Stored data
━━━━

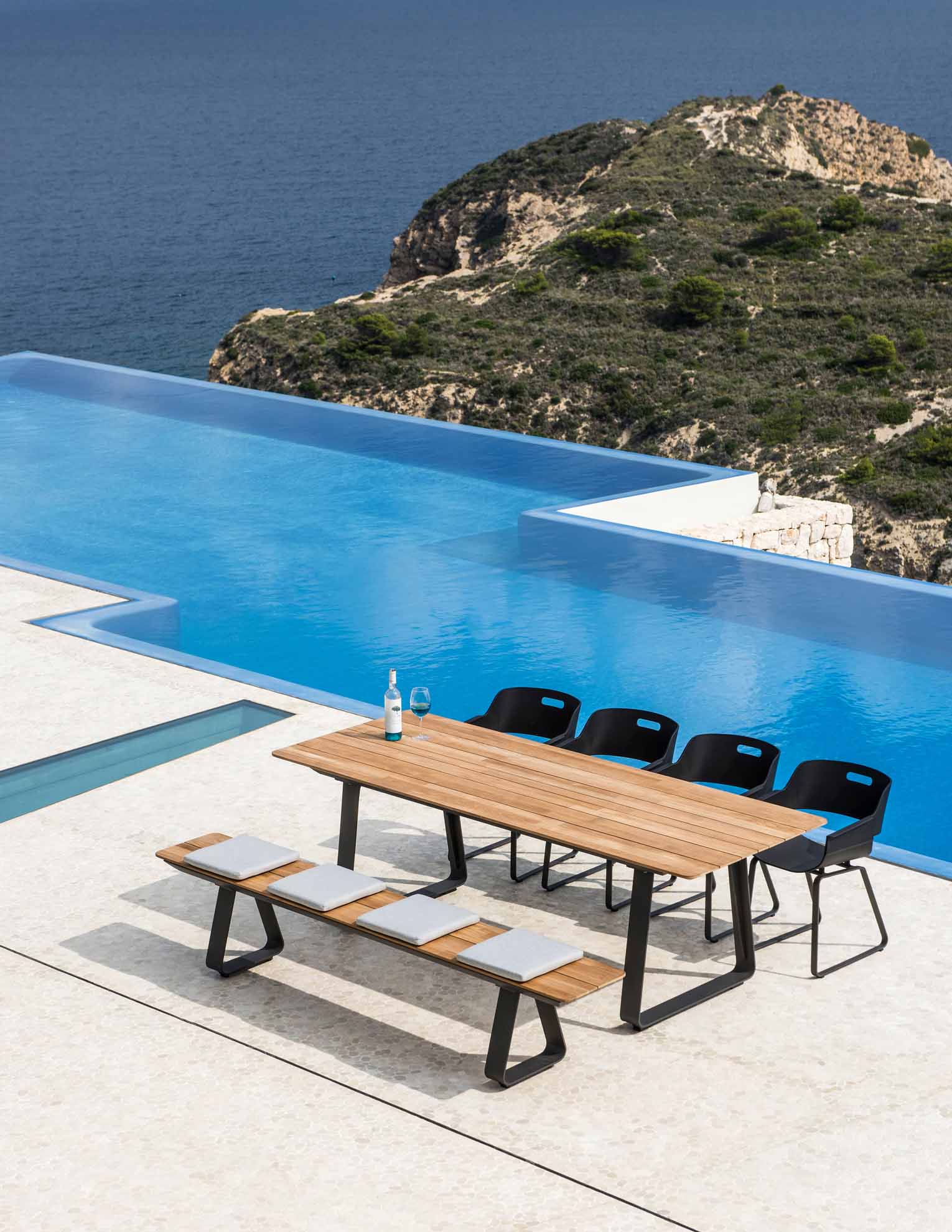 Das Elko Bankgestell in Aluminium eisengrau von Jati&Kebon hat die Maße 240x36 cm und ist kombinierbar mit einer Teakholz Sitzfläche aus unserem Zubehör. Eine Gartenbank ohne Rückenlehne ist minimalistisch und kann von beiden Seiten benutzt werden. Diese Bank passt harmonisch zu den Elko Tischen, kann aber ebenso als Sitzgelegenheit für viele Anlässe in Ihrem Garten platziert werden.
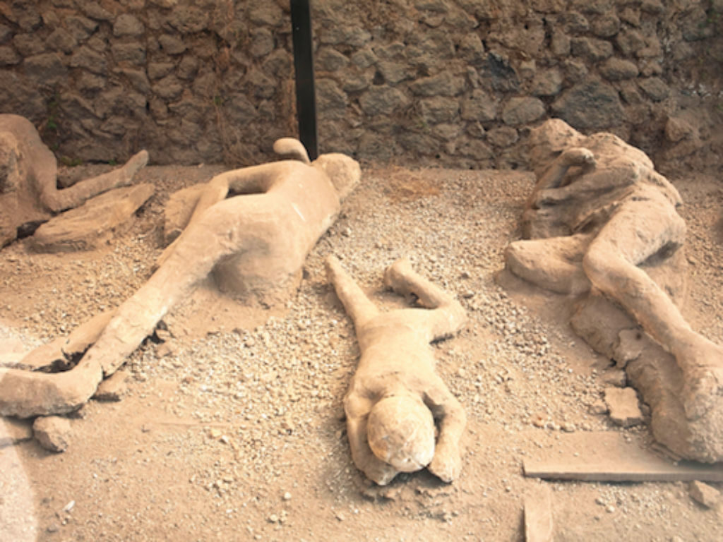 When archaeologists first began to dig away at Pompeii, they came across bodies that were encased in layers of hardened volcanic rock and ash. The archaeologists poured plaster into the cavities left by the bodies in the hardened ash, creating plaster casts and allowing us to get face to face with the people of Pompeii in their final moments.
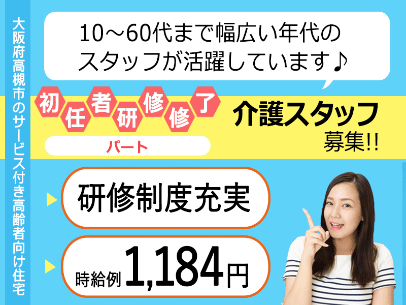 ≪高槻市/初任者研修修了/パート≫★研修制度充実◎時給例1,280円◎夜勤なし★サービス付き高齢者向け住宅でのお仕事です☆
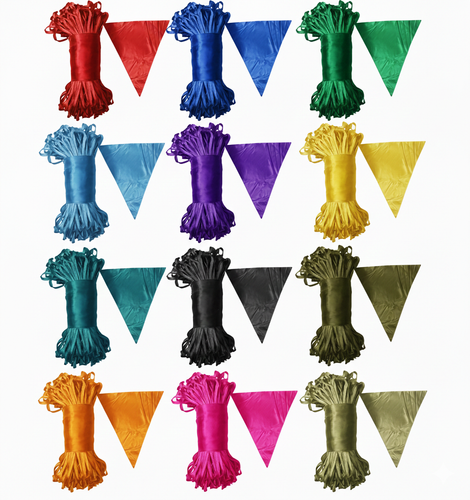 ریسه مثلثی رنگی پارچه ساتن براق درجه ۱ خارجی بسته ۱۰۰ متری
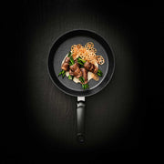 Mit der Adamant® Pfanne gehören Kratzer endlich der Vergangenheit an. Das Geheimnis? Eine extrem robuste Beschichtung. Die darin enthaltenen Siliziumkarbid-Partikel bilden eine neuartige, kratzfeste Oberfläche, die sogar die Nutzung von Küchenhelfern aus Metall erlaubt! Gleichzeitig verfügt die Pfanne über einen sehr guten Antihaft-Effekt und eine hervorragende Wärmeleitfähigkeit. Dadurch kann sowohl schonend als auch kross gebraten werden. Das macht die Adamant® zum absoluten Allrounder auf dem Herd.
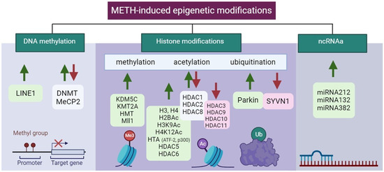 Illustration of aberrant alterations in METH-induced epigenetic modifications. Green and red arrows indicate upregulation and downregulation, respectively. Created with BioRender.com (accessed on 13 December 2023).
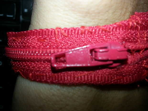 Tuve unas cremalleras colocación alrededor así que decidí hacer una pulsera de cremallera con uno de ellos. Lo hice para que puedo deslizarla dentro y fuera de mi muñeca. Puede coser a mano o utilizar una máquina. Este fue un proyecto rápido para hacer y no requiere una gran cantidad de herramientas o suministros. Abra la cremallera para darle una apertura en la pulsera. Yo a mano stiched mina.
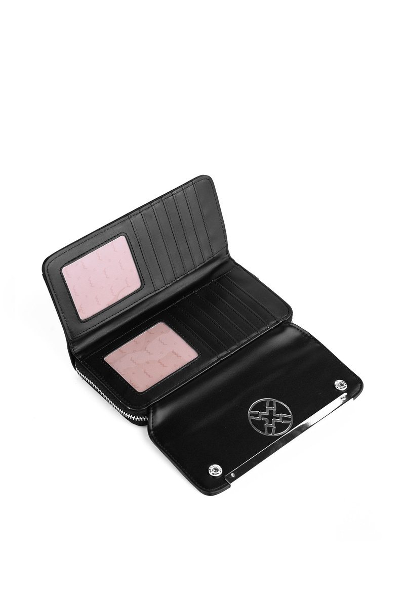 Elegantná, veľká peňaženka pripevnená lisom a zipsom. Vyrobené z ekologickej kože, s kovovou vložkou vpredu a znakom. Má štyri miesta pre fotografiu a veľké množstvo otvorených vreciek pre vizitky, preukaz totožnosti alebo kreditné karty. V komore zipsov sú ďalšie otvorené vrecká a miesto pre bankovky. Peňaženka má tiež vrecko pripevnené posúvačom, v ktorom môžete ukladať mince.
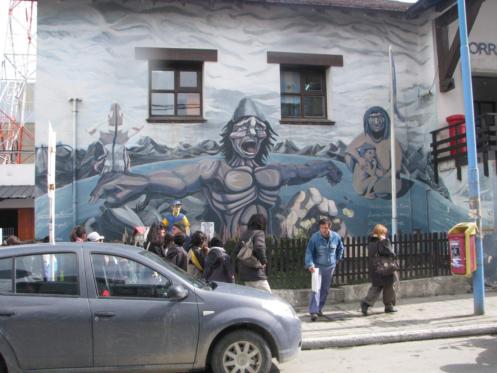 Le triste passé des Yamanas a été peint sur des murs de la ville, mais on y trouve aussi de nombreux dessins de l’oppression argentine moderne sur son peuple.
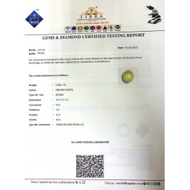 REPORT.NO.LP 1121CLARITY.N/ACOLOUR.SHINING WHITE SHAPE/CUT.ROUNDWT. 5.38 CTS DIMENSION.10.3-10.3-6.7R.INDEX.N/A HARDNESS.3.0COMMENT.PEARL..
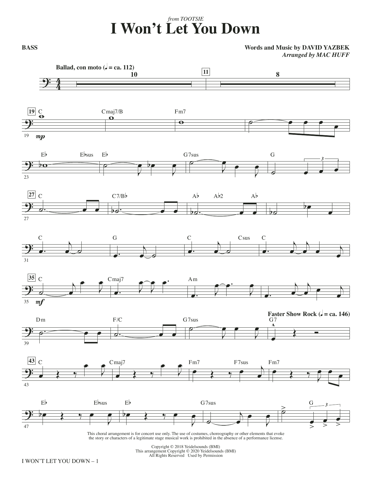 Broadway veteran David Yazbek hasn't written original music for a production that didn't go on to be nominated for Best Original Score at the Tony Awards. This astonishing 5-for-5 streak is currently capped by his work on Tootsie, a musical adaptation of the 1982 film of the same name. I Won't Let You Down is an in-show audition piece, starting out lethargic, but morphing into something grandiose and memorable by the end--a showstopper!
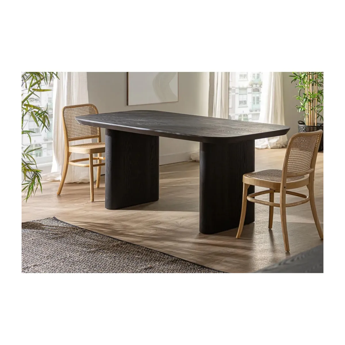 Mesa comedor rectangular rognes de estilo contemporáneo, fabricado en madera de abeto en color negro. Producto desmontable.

━━━━

▶ _ASSIGNMENT_: Your copy should hold only the lines above from the one containing "Le triste passé" through the one containing "1121CLARITY.N/ACOLOUR.SHINING WHITE SHAPE/CUT.ROUNDWT. 5.38", exactly as written and free of pictures.

▶ _EXERCISE ANSWER_:
 Le triste passé des Yamanas a été peint sur des murs de la ville, mais on y trouve aussi de nombreux dessins de l’oppression argentine moderne sur son peuple.
 REPORT.NO.LP 1121CLARITY.N/ACOLOUR.SHINING WHITE SHAPE/CUT.ROUNDWT. 5.38 CTS DIMENSION.10.3-10.3-6.7R.INDEX.N/A HARDNESS.3.0COMMENT.PEARL..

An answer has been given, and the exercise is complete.